> [Task prompt]: Take the data below and write it out exactly, except for the pictures.

> [Supplied data]:

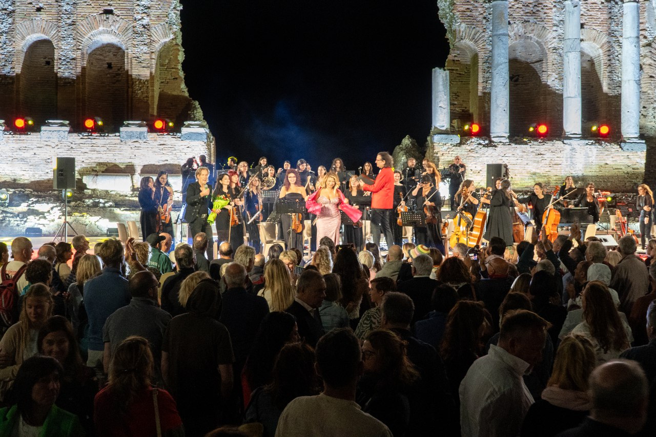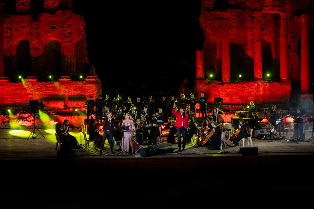 La straordinaria voce del soprano di fama internazionale Desirée Rancatore insieme a quella potente del rocker svedese Magnus, è stato connubio perfetto per incantare il pubblico dello spettacolo Queen Barcelona Opera Rock, ieri sera, venerdì 13 settembre 2024, al Teatro Antico di Taormina. Il concerto- pensato per celebrare l’album capolavoro "Barcelona" realizzato da Freddie Mercury e Montserrat Caballé, ed orchestrato in chiave sinfonica dal grande Maestro Roberto Molinelli- ha riscontrato la partecipazione attiva ed energica del pubblico, che ha cantato e ballato anche sulle note dei Queen- una parte del concerto è dedicata alle hits della band britannica- eseguite dall'orchestra siciliana tutta al femminile, la Women Orchestra, per l'occasione diretta dallo stesso Molinelli (la Direttrice Alessandra Pipitone, questa volta, si è esibita in veste di pianista).
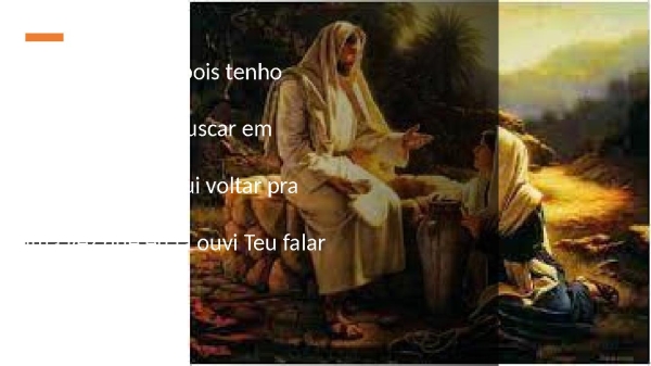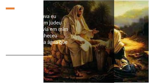- Junto ao poço estava euQuando um homem judeuViu a sede que havia em mimSem me ouvir, conheceuE me ofereceu uma água que jorra sem fim
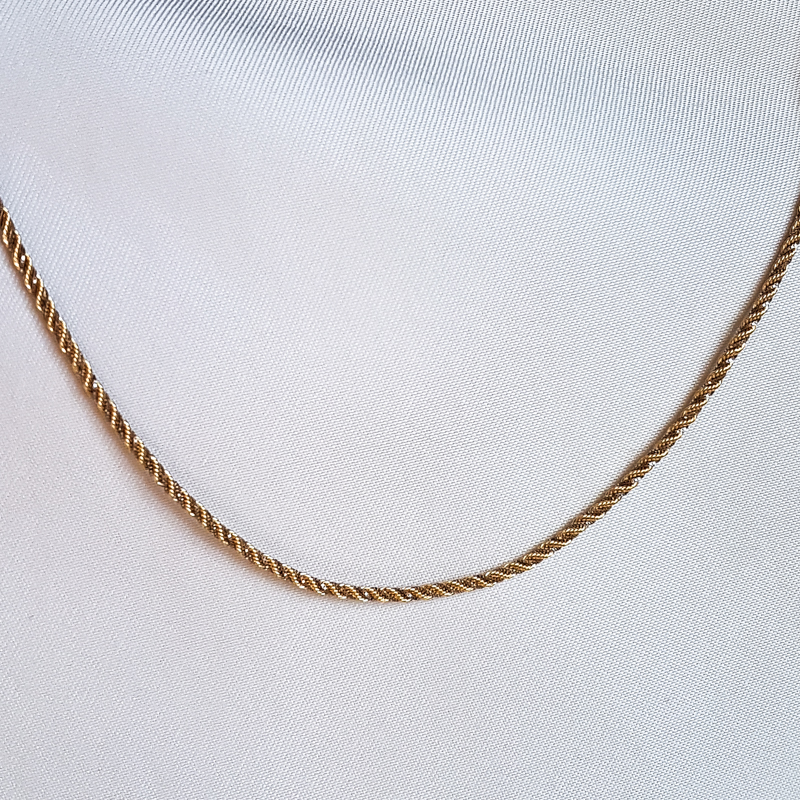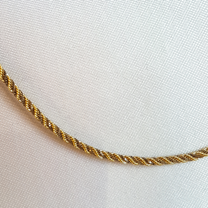 Kullast kaelakett. Kollane kuld prooviga 585. Laius 2,1mm. Pikkus 44 cm. Kaal 5,35g.

> [Problem solution]:
 La straordinaria voce del soprano di fama internazionale Desirée Rancatore insieme a quella potente del rocker svedese Magnus, è stato connubio perfetto per incantare il pubblico dello spettacolo Queen Barcelona Opera Rock, ieri sera, venerdì 13 settembre 2024, al Teatro Antico di Taormina. Il concerto- pensato per celebrare l’album capolavoro "Barcelona" realizzato da Freddie Mercury e Montserrat Caballé, ed orchestrato in chiave sinfonica dal grande Maestro Roberto Molinelli- ha riscontrato la partecipazione attiva ed energica del pubblico, che ha cantato e ballato anche sulle note dei Queen- una parte del concerto è dedicata alle hits della band britannica- eseguite dall'orchestra siciliana tutta al femminile, la Women Orchestra, per l'occasione diretta dallo stesso Molinelli (la Direttrice Alessandra Pipitone, questa volta, si è esibita in veste di pianista).
- Junto ao poço estava euQuando um homem judeuViu a sede que havia em mimSem me ouvir, conheceuE me ofereceu uma água que jorra sem fim
 Kullast kaelakett. Kollane kuld prooviga 585. Laius 2,1mm. Pikkus 44 cm. Kaal 5,35g.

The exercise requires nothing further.